Amid the plethora of Regency social rules is the expectation that young ladies entering Society have an established friend or relative of high reputation to present them to gentlemen, et al. There’s no showing up to the party on your own here, girls. Any unchaperoned miss will be turned away at the door.
And then gossiped about for weeks afterwards, the hussy.
This wise female protector is only one gatekeeper that guards a lady’s path from the schoolroom to social success. Other established women will determine whether she remains in good standing, whether she has access to certain assembly rooms, and even whether she has permission to dance the waltz. (Such a scandalous dance, you know. Practically the Regency equivalent of twerking.)
And it’s all a great big joke, because the morals of this period were non-existent. The façade was all that mattered.

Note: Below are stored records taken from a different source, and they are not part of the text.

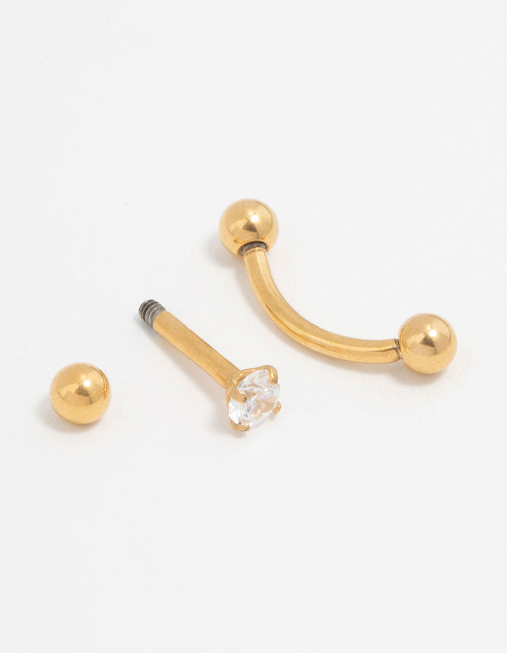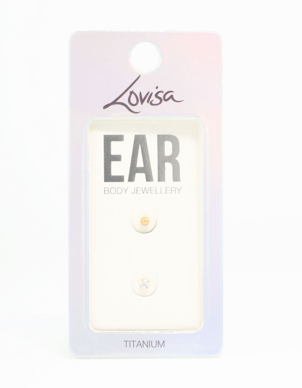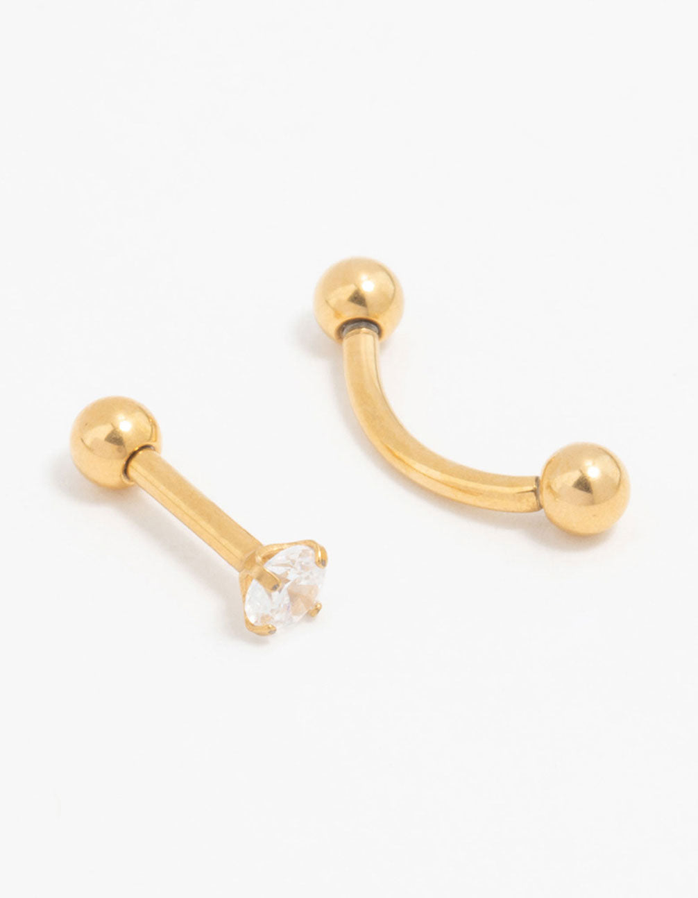 Upgrade your ear game with this duo of gold-plated titanium barbells! Choose between a sleek ball design or a sparkly cubic zirconia. Perfect for industrial or helix piercings, this set has you covered for any look.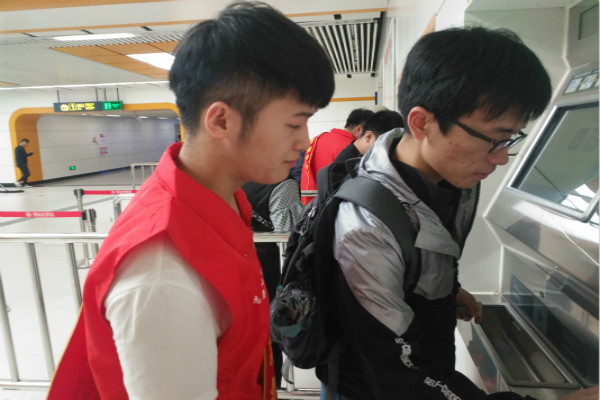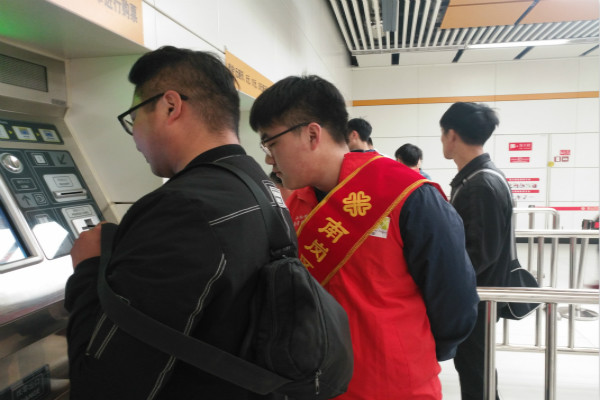 上午8时,下午4时30分,唐登高、任建宇分别带着20160113、20150111团支部来到地铁站,在向地铁站工作人员报到之后开始了本次的志愿服务活动。志愿者分成三组,其中两组的志愿者来到地铁站两侧的自动售票机,帮助一些不会用的乘客购买地铁票。另外一组志愿者待在负一层,其中两名同学站在交通引导牌下,向来往行人指路,另外两名同学站在验票处口,让行人有序出站,并为乘车车票出现问题的行人联系站内工组人员。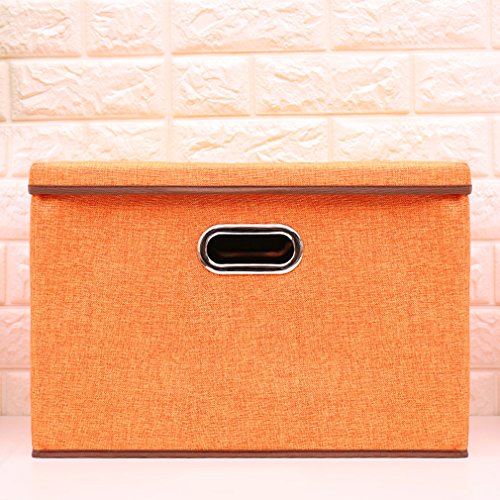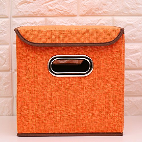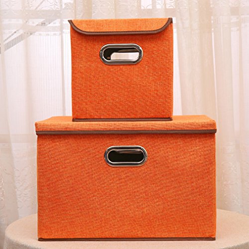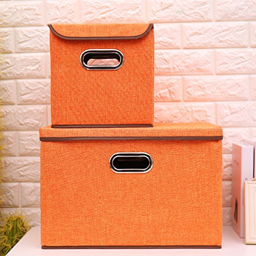 IBTHOUSE Storage bins,Foldable Storage Containers with Lid and Handles,Storage box Storage cubes Organizer, Set of 2 (orange)

The fictional dukes, earls, knights, counts, viscounts, etc. in Regency and other Georgian-era romances quite possibly outnumber the nonfictional noblemen from A.D. 1066 to present by now. A rich, handsome lord is the big fish when it comes to romantic heroes in this genre. This, even though the quintessential Regency-era hero was a mere “Mr.”
(Paging Fitzwilliam Darcy. You’re wanted by women everywhere.)
You can usually tell from the onset of the story which of the gentlemen is the romantic lead. If he’s handsome, titled, and possibly brooding, that’s your guy. The simple Mr. takes a back seat unless the Lord is distinctly unsuitable. Like old, or fat, or dull, or ugly, or married.
The fashion of the gentleman is another clue to his suitability. We can blame Beau Brummell for that one. Or thank him, as the case may be. This is an era where a bystander could tell a man’s tailor by the cut of his coat against his shoulders. Or so the Regency genre would have us believe. The fit of the coat gets mentioned an awful lot, along with whether or not the man’s Hessian boots are polished and how his cravat is tied. (Because apparently there are multiple variations for how to tie a cravat, and one receives greater status depending on how intricate and well executed the final result is.)
Variations on a theme
Variables to this Standard Regency Hero Template can be a breath of fresh air. Miles Calverleigh in Georgette Heyer’s Black Sheep, for example, doesn’t dress the part of a high-fashion gentleman because after two decades in India he doesn’t give a rip what Society thinks of him. His lack of fashion is as much a character trait for him as obsessive cravat-tying is for any other Regency hero, though.
Compare him to Julian St. John Audley, Earl of Worth from Heyer’s Regency Buck, who is a paragon of fashion without hardly trying. Worth carelessly makes up cravat styles that his fanboys immediately want to copy. He is not a dandy (heaven forbid!), but he gives such particular attention to his dress and grooming while projecting an air of indifference towards it because it’s fashionable to be fashionable while pretending not to care.
Calverleigh’s the better man in more ways than one, even if he is a mere Mr rather than a Lord. But they’re not in the same book vying for the same heroine, so it doesn’t matter.
Overdressed gentlemen, those dandies with their padded shoulders and multitude of seals and fobs, fall firmly into the “unsuitable” category. These are the uber-trendy characters, Regency hipsters perched on the cutting edge of fashion and executing it just a shade too severely for good taste. I’ve yet to read a Regency romance where an overdressed dandy plays the hero; they are typically an object of comic relief or outright scorn.